Purpose: Hormone replacement therapy (HRT) with estrogen and treatment with bisphosphonates have been shown to increase bone mineral density (BMD) in postmenopausal women. This 4-year prospective randomized study was carried out to assess the effectiveness of the combined HRT plus etidronate on BMD in postmenopausal women with established osteoporosis.
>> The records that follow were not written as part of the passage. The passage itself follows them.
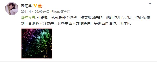 四年前乔任梁去世时,陈乔恩发文中说:“爱我的人,会变成星星守护著我,我不知道你变成星星了吗?” 我想乔任梁应该变成星星感受到了这份真挚,默默地守护乔恩了吧!
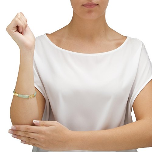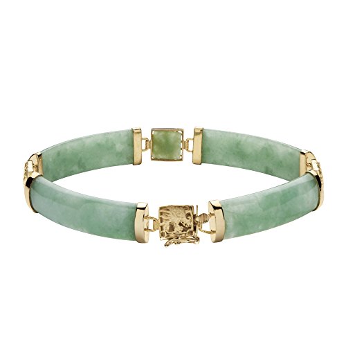 Considered a rare gift of nature, green jade is worn by women as a symbol of luck and beauty. Our jade link bracelet is interspersed with golden plaques. 7 1/4" length. Sterling silver with a golden finish. As these items are genuine jade, the actual stone colors may vary slightly. - 50818Feature
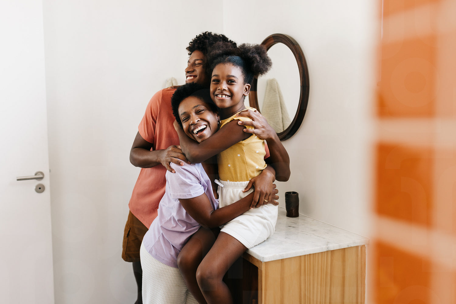 Mom hugging her son and daughter at the bathroom sink, smiling happily

Patients and methods: Seventy-two postmenopausal women (mean age 64.9+/-0.5 years) attending metabolic bone disease outpatient clinics with established osteoporosis were randomly allocated into one of four treatment groups and monitored for 4 years. All patients enrolled in this study including the control group (n=18) received 1.0 g elemental calcium and 400 units vitamin D per day. The HRT group (n=18) received cyclical estrogen and progesterone; the etidronate group (n=17) received intermittent cyclical etidronate; and the combined therapy group (n=19) received both HRT and etidronate. BMD was measured in the lumbar spine and the hip before treatment and at 2 and 4 years after treatment. Changes in height were recorded, and the occurrence of new vertebral fractures were documented in comparison with the baseline radiographic evaluation. In 40 patients (10 patients per group), analysis of bone histomorphometry was carried out after 4 years of treatment.
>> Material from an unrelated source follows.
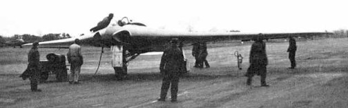 The jet engines were installed at -2° to the root chord and exhausted on the upper surface of the wing at 70% back from the nose. To protect the wings the surface was covered with metal plates aft of the jet pipe and cold air bled from the lower surface of the wing by a forward facing duct and introduced between the jet and the wing surface. The installation angle was such that in high speed flight the jest were parallel to the direction of flight.
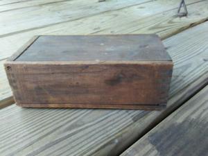 Primitive Wooden Box sliding Lid ~ Advertising Trimo Pipe Wrench ~ Roxbury, Mass

Results: In patients who received the combined therapy, BMD increased in the lumbar spine by 10.4% (P <0.001) and in the hip by 7.0% (P <0.001) at 4 years. For patients treated with ICE, these increases were 7.3% (P <0.001) and 0.9% (P <0.05), and with HRT, the increases were 7.0% (P <0.001) and 4.8% (P <0.01) in the vertebrae and femora, respectively. The group treated with calcium and vitamin D lost 2.5% (P <0.05) and 4.4% (P <0.01) of BMD in the vertebrae and femora, respectively, after 4 years. Patients who received combined therapy had significantly higher BMD in both the vertebrae and in the femora (P <0.05) in comparison with patients who were treated with HRT or etidronate alone after 4 years. In comparison with patients in the control group, there was a trend toward a lower rate of new vertebral fractures in the treatment groups. Height loss was significantly less in all three active treatment groups (HRT [P <0.001], etidronate [P <0.02], and combined therapy group [P <0.0001]), in comparison with the control group. The combined therapy group did not have a significant height loss, in comparison with the HRT (P <0.02) and the etidronate (P <0.001) groups. None of the patients had histomorphometric evidence of osteomalacia.
Conclusion: This 4-year randomized study showed an additive effect of etidronate and HRT on hip and spine BMD in postmenopausal women with established osteoporosis.